Si segnala anche che si ha notizia che Lorenzo Mieli e Mauro Gianani stiano per lasciare Wildside e The Apartment, per fondare una nuova loro società di produzione indipendente.

Si ricordi – ancora una volta – che è Wildside ovvero Fremantle la società di produzione dell’acclamato “C’è ancora domani” di Cortellesi.

Se l’operazione di acquisizione di Picomediae di Stand By Me verrà perfezionata, si verrà a determinare un polo produttivo ad alta concentrazione, con un potere contrattuale – anche verso Rai – di dimensioni impressionanti…

E si ricordi peraltro che la stessa Fremantle controlla di fatto gli “studios” di Cinecittà. Nel febbraio di due anni fa, a via Tuscolana è stato perfezionato un accordo quadro che prevede anzitutto l’affitto continuativo di 6 teatri di posa degli storici “studios” romani. Accanto all’affitto dei teatri di posa l’accordo prevede l’uso di locali accessori, sartorie, attrezzerie, e la possibilità di utilizzo della post-produzione digitale e dello sviluppo del 35mm e 16mm

Ed è Fremantle uno dei maggiori beneficiari del “tax credit” generosamente concesso dal Ministero della Cultura.

E lo Stato resta a guardare.

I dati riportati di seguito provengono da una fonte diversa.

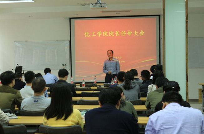 工作的肯定和鼓励,也非常感谢全体教职工对他工作的支持,并做了简短地就职表态:尽心尽职、勇于担当,牢记服务意识,在学院营造团结友好,奋发向上的氛围;加强自身学习,提高管理水平,树立创新型思维,做好学院的顶层设计;廉洁自律,清白做人,干净做事。

Anzi alimenta la crescita di questo gigante straniero controllato dal gruppo lussemburghese-tedesco Rtl ovvero Bertelsmann.

Segnalava Agcom a fine giugno 2023: “il gruppo Banijay (che esercita un controllo a livello nazionale su società di produzione quali Endemol Italia, Endemol Shine Italy, Banijay Italia, Magnolia, Groenlandia, Zodiak Media e Dry Media), realizzando un valore pari ad euro 199.403.564, rappresenta il 23 % sul totale, il gruppo Fremantlemedia (che esercita un controllo a livello nazionale su società quali Luxvide e Fremantle Italia), con una cifra pari ad euro 104.916.876, rappresenta circa il 12 %” del totale degli investimenti effettuati dai principali “broadcaster” attivi in Italia nel 2022. Ed aggiungeva: “si evidenzia, inoltre, l’incidenza del gruppo Banijay rispetto ai principali broadcaster esso rappresenta oltre il 42 % degli investimenti dichiarati da Rti (Mediaset) e il 15 % di quelli dichiarati dalla Rai”.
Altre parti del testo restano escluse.